What you have to do ▸ Please repeat only the lines below starting at the line that holds "iPhone 17 Pro" and ending at the line that holds "SoldBall Gum Hold", exactly, with both of those lines included and every picture omitted.

Source material ▸

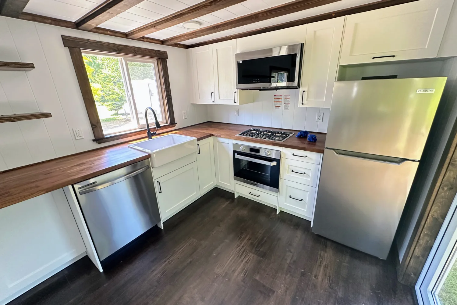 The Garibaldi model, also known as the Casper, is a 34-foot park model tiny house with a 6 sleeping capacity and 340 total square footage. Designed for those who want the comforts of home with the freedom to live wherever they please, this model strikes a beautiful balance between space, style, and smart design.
---
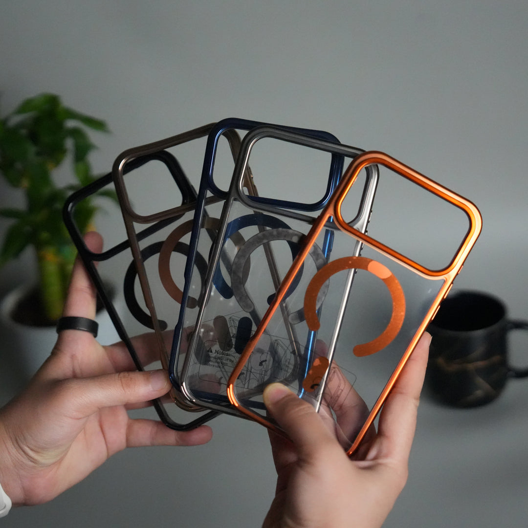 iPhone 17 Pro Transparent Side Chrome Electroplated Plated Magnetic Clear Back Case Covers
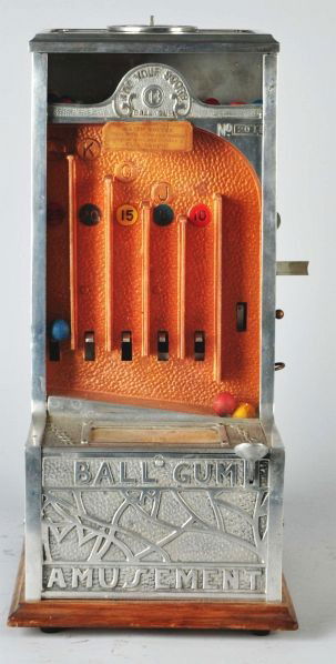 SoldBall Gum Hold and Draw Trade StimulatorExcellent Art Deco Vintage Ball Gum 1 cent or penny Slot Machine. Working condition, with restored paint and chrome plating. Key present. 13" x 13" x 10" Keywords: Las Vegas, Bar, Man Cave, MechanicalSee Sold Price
* * *
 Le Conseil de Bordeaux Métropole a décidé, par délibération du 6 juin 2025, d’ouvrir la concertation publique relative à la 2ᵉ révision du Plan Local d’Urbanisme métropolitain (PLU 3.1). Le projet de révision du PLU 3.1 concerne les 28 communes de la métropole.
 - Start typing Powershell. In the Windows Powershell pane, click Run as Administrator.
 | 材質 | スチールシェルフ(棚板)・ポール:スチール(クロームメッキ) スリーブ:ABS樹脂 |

Written response ▸
 iPhone 17 Pro Transparent Side Chrome Electroplated Plated Magnetic Clear Back Case Covers
 SoldBall Gum Hold and Draw Trade StimulatorExcellent Art Deco Vintage Ball Gum 1 cent or penny Slot Machine. Working condition, with restored paint and chrome plating. Key present. 13" x 13" x 10" Keywords: Las Vegas, Bar, Man Cave, MechanicalSee Sold Price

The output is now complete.